Drivers must take care in wintertime conditions |

Drivers must take care in wintertime conditions

By the side of U.S. Highway 50, police and firefighters waited to pull two bodies from a car overturned in a creek bed Tuesday.

Glowing dully, the lights from a California Department of Transportation sign above the road, cast a yellow hue on the men below.

The sign said chains were required on Echo Summit. It warned drivers of dangerous driving conditions.

For many drivers who don’t take proper precautions, the road conditions can lead to accidents.

Police believe the man who died Tuesday was driving nearly 50 mph, far too fast for the icy conditions.

According to California Highway Patrolman Steve Gwaltney, accidents increase significantly after the first snowfall of the year.

“People just don’t get into that winter driving mode fast enough,” he said. “It seems like some people have to see other people get in an accident or lose control themselves before they take proper precautions.”

People who think they are invincible because they drive sport utility vehicles, and the number of tourists who come to South Lake Tahoe exacerbate the problem Gwaltney said.

“I think our locals are good drivers for the most part,” he said. “Locals do get into accidents; they do happen, but most of them are caused by people from other areas.”

According to California Department of Transportation drivers should be prepared for weather and road conditions to change rapidly.
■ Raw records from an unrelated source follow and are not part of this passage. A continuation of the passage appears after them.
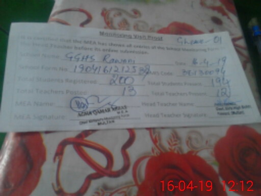| EMIS Code: 36130094 | Name of School: GGHS RAWANI MULTAN | |||
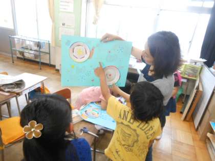 その がようしに かたつむりの あたまや あじさいの はな、あめのけしき などを、おもい おもいに たのしく かきました。
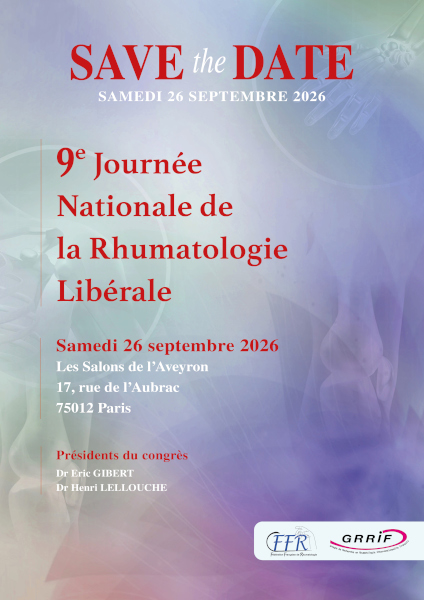 Nous serons heureux de vous accueillir le samedi 26 septembre 2026 pour la 9e Journée Nationale de la Rhumatologie Libérale (JNRL).
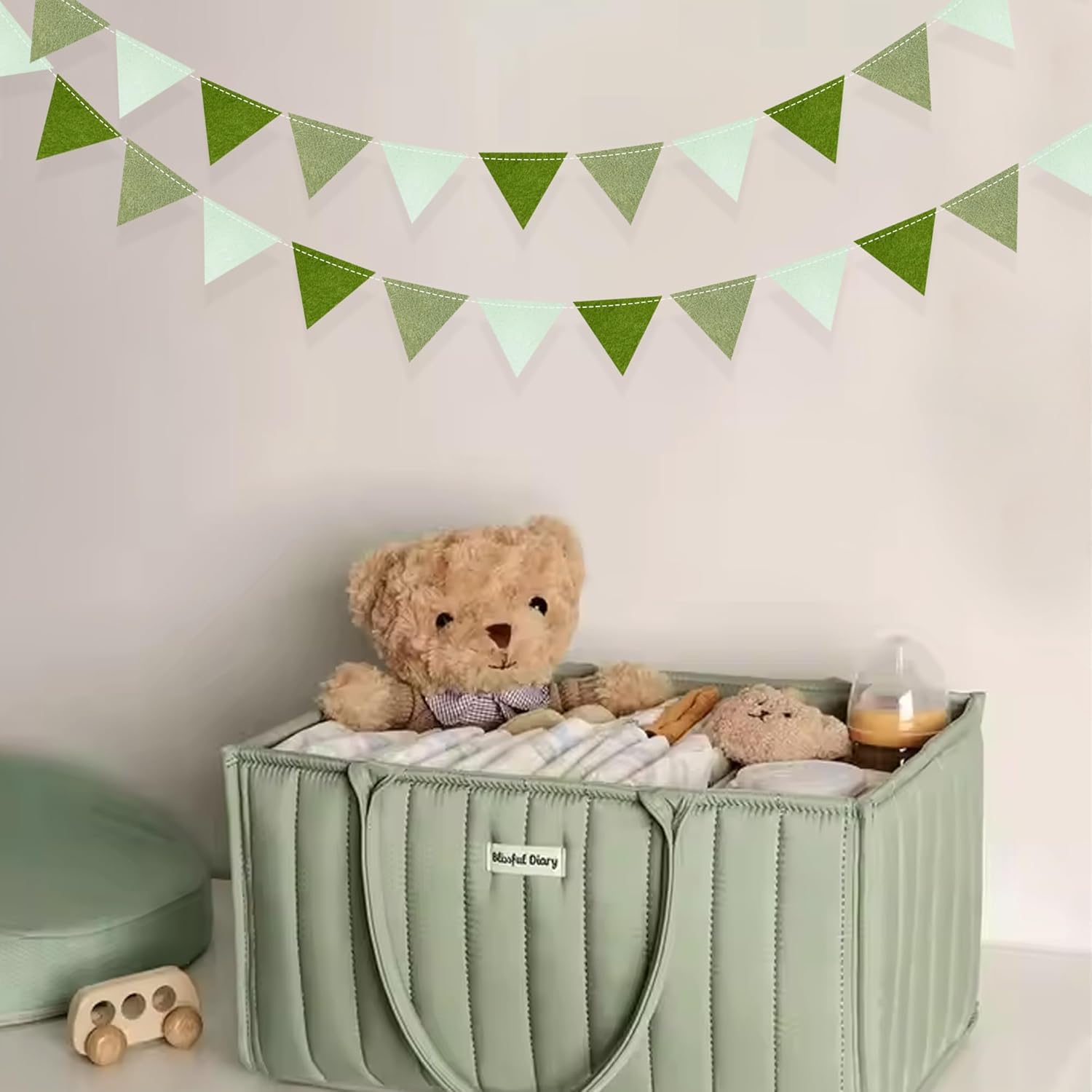 Olive Green Party Decorations Gradient Sage Green Felt Hanging Triangle Mini Bunting Pennant Banner Flag for Neutral Baby Shower Birthday Wedding Woodland Safari Jungle Party Classroom Nursery Decor
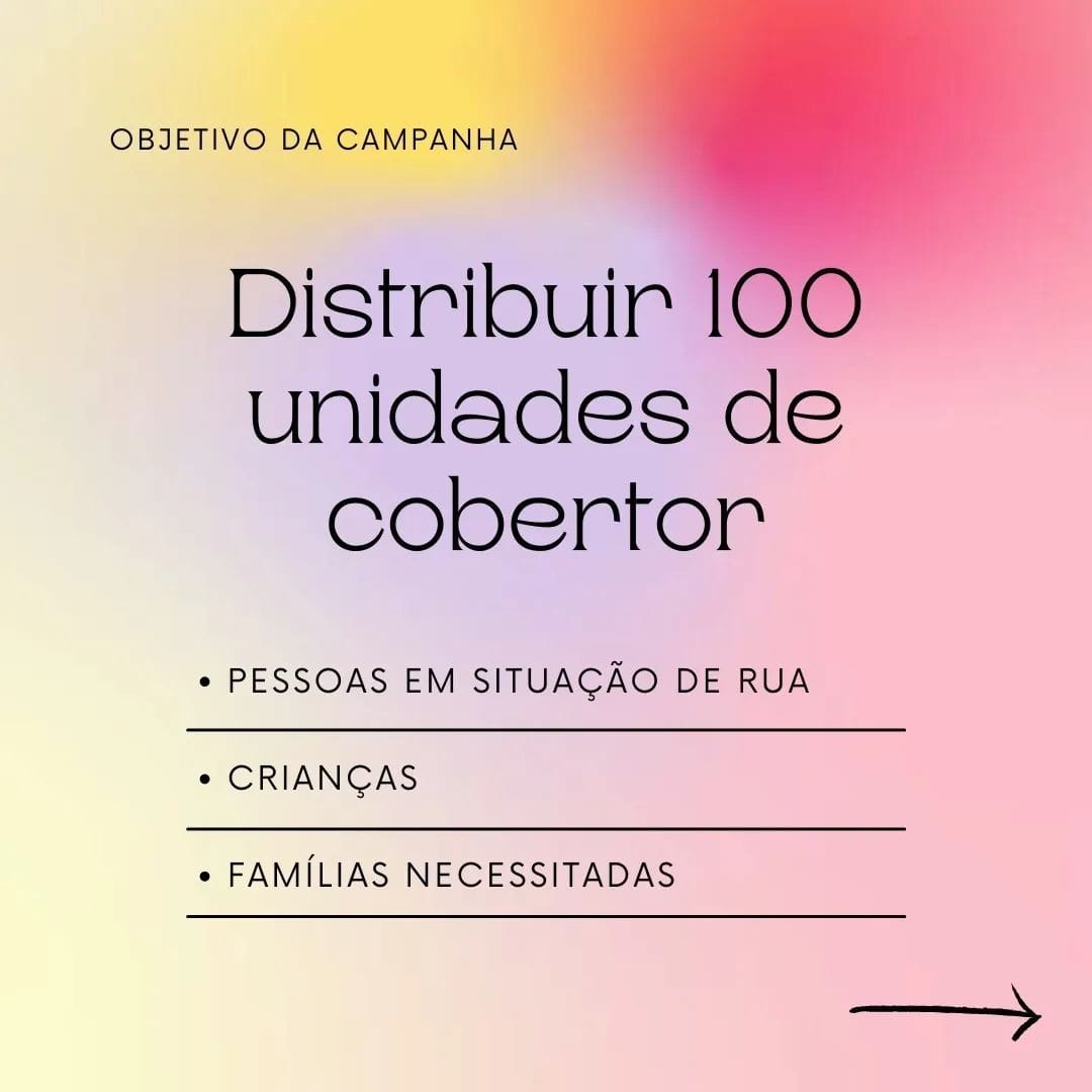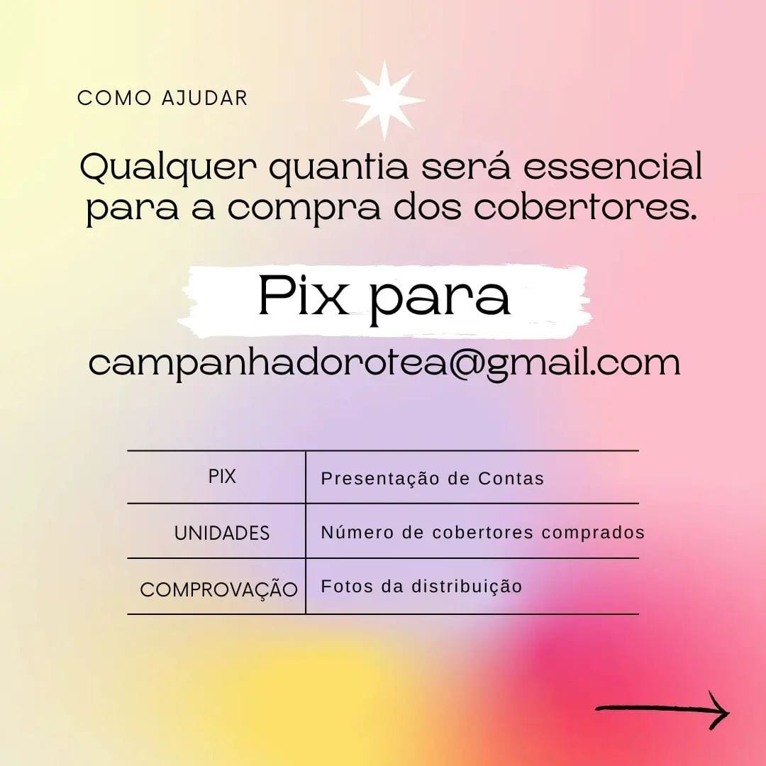 Ajude na Campanha contra o frio. Qualquer quantia é bem-vinda iremos comprar 100 cobertores (ainda procurando o melhor modelo) e entregaremos para moradores em situação de rua. O pix de arrecadação é o e-mail campanhadorotea@gmail.com em nome de Bruno Grossi Silva Gomes.
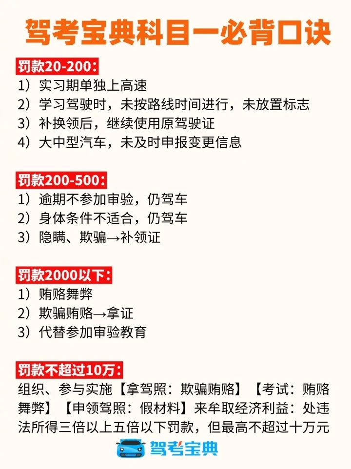 罚款的 扣分的 当时就记不住 一遇到就错 还有手势 好在皇天不负有心人 一次过 拿上驾照
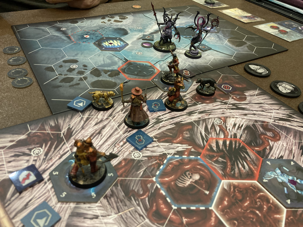In our second game, I had a better handle on Travis’s tricks and prioritized my targets better. Also in this game, I saw one of the neatest tricks I’ve seen yet in an Underworlds game. I had given Aemos, my big bruiser, the Unnatural Resilience upgrade - which reduces incoming damage but cannot be given to a fighter with 5 or more Wounds. Travis responded by playing Scapegoat, which allowed him to choose an enemy fighter (Aemos) to have a Wounds characteristic of 5 and become easier to hit for the rest of the round. This broke Unnatural Resilience, and gave Travis an extra Glory when he quickly killed Aemos. A perfect execution!
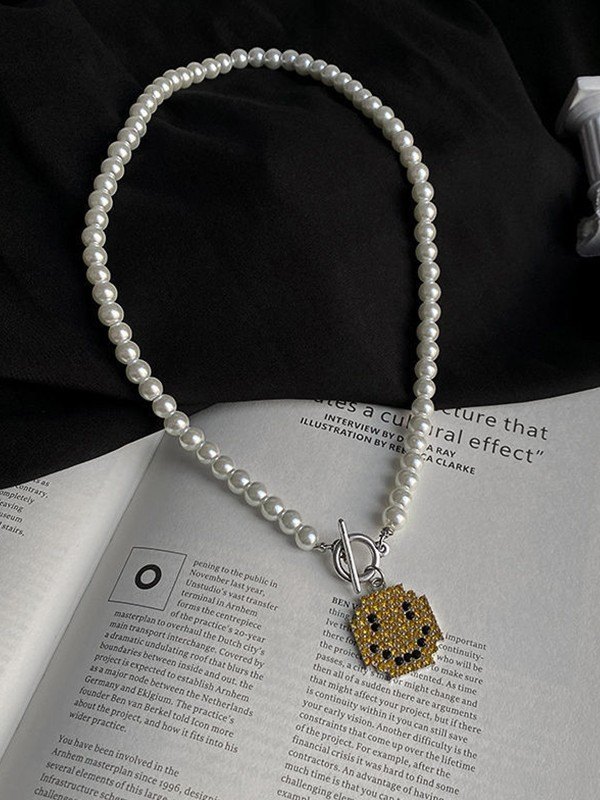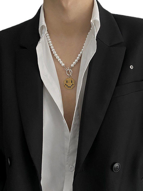 Be the first to review “Men’s Smile Pendant Faux Pearl Toggle Necklace”
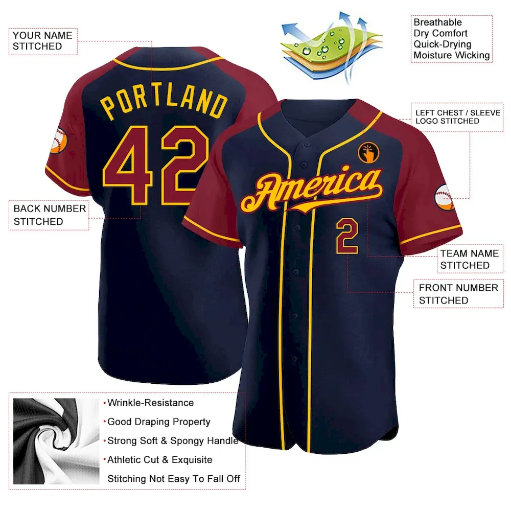 Custom Navy Crimson-Yellow Authentic Raglan Sleeves Baseball Jersey
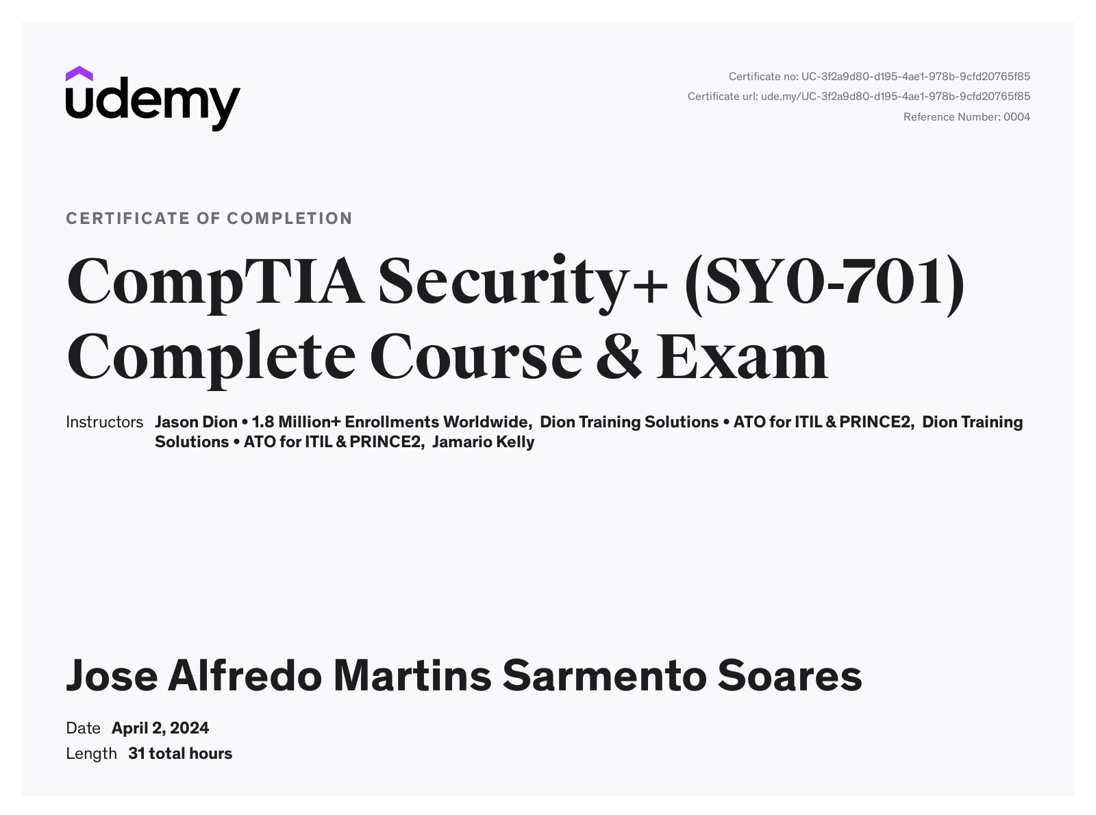- CompTIA Security + (SY0-701) Complete Course & Pratice Exame for 2024
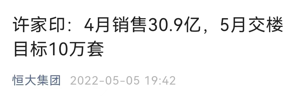 恒大集团董事局主席许家印曾在5月5日的月度工作会议上表示,“销售的恢复,对恒大、对业主、对上下游合作伙伴、对所有债权人来说,太重要了、太重要了。”

Spin-outs and accidents are common during storms and can block the roadway for several hours.

Highway 50 and Interstate 80 are particularly vulnerable to road closures, according to Caltrans, because of their high traffic volume.

Caltrans and the CHP recommend taking the following precautions if you are planning to drive in winter conditions:

– Always wear a safety belt, it reduces the odds of injury or death by 50 percent.

– Never drink and drive.

– Don’t speed. Thirty one percent of all fatal crashes are speed-related.

– Make sure your brakes, windshield wipers and washers, defrosters, heaters and exhaust systems are in good working order.

– Always carry chains. Make sure they are the proper size for your tires and are in working order. Chains must be installed on the drive wheels. Make sure you know if your vehicle is front- or rear-wheel drive.

– Carry an ice scraper or a commercial deicer, a broom for brushing snow off your car, a shovel to free your car if it is snowed in, and sand or burlap for traction if your wheels become mired in snow.

– Store water, food, warm blankets and extra clothing in your car.

– Put an extra key in your pocket. A number of motorists have locked themselves out of their cars when they stopped to put on chains.

The two most important driving tips, Gwaltney said, are to slow down and to look farther in front of the car.

“I can’t tell you how many times a passenger has seen a car spin out, thinking the driver has seen it too, and they plow right into it because they are staring at the ground just in front of the car,” he said.

The CHP and Caltrans go to great lengths to teach safety and Gwaltney said, “That’s all we want, is for people to be safe.”